_WHAT TO DO:_
With pictures left out, set down exactly the lines from the line containing "ชุดเดรสผ้าฝ้ายทำมือรักษ์โลกสำหรับผู้หญิง ความยาวปานกลาง 100%" through the last line of the data.

_RECORDS SHOWN:_
━━━━

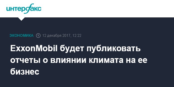 Москва. 12 декабря. INTERFAX.RU - Американская нефтегазовая ExxonMobil начнет публиковать отчеты о возможном влиянии климатической политики на ее бизнес в ответ на требования инвесторов улучшить систему раскрытия рисков, с которыми сталкивается компания.
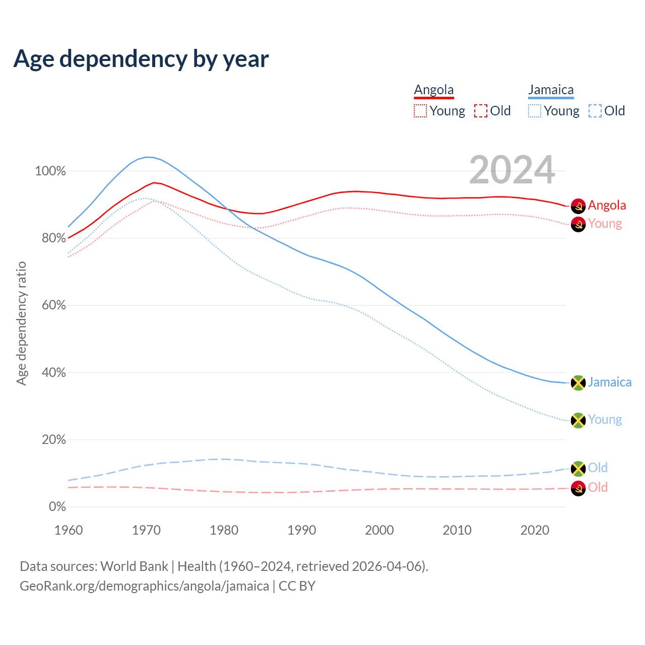 Data sources: World Bank | Health (1960–2024, retrieved 2026-04-06); U.S. Census Bureau (1960–2024, retrieved 2026-02-08).
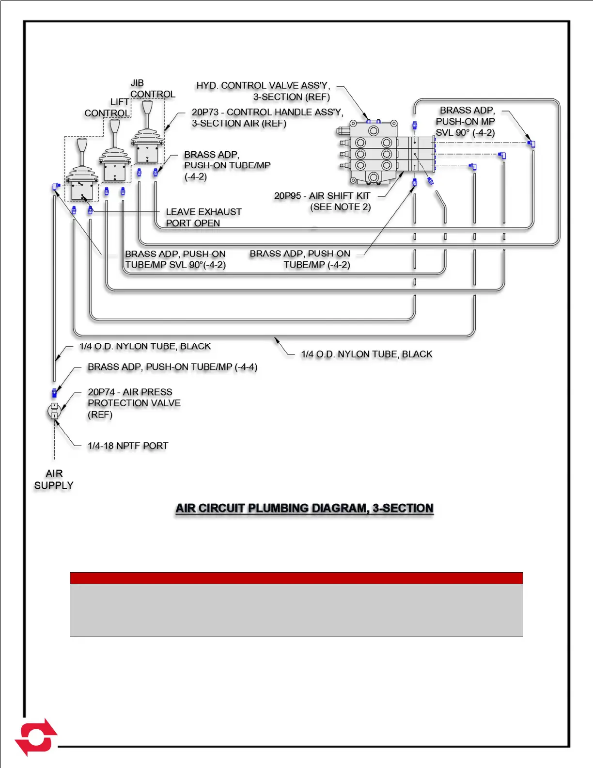 2. THE 20P95 AIR SHIFT KITS ARE TO BE INSTALLED ON THE HYD. CONTROL VALVE BY THE HOIST INSTALLER.
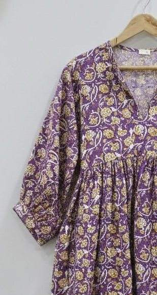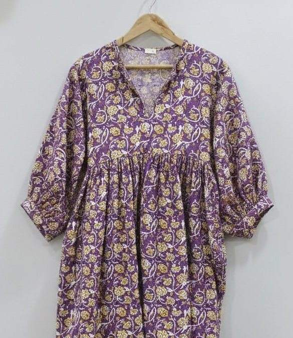 ชุดเดรสผ้าฝ้ายทำมือรักษ์โลกสำหรับผู้หญิง ความยาวปานกลาง 100% ผ้าฝ้าย | ลายดอกไม้ ย้อมสีแบบไทได คอวี แขนพอง ทรงเอไลน์ เอวธรรมชาติ
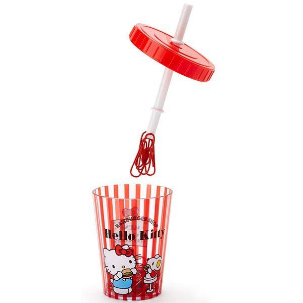 HELLO KITTY 日版 文具 萬字夾 連 汽水杯 造型 收納盒 迴紋針 飲料杯 小物盒 凱蒂貓 2019年款 【平行進口】
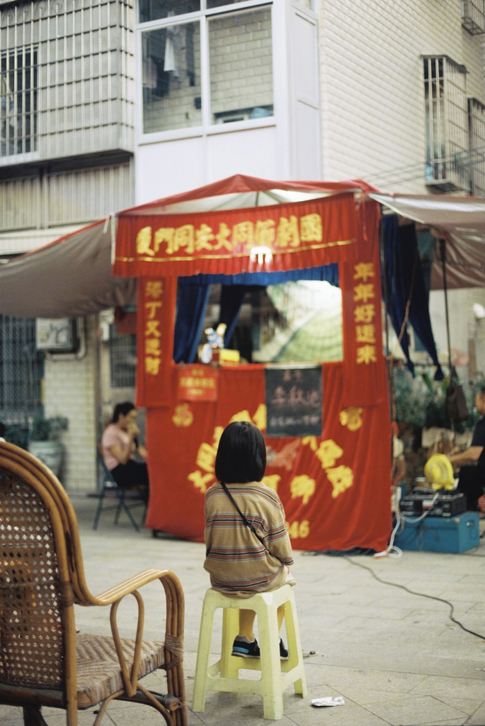 新年正是大社最热闹的时期。大社正中心的宗祠广场,一群孩子奔跑着玩礼花鞭炮,玩社区组织的新春游戏。有时一阵锣鼓喧嚣,戏台上搭台开始上演黄梅戏或南音,有时又是一场布袋木偶戏在街角搭出小小的临时舞台,吸引孩子和寻访年味的游人驻足。

━━━━

_OUTPUT OF THE EXERCISE:_
 ชุดเดรสผ้าฝ้ายทำมือรักษ์โลกสำหรับผู้หญิง ความยาวปานกลาง 100% ผ้าฝ้าย | ลายดอกไม้ ย้อมสีแบบไทได คอวี แขนพอง ทรงเอไลน์ เอวธรรมชาติ
 HELLO KITTY 日版 文具 萬字夾 連 汽水杯 造型 收納盒 迴紋針 飲料杯 小物盒 凱蒂貓 2019年款 【平行進口】
 新年正是大社最热闹的时期。大社正中心的宗祠广场,一群孩子奔跑着玩礼花鞭炮,玩社区组织的新春游戏。有时一阵锣鼓喧嚣,戏台上搭台开始上演黄梅戏或南音,有时又是一场布袋木偶戏在街角搭出小小的临时舞台,吸引孩子和寻访年味的游人驻足。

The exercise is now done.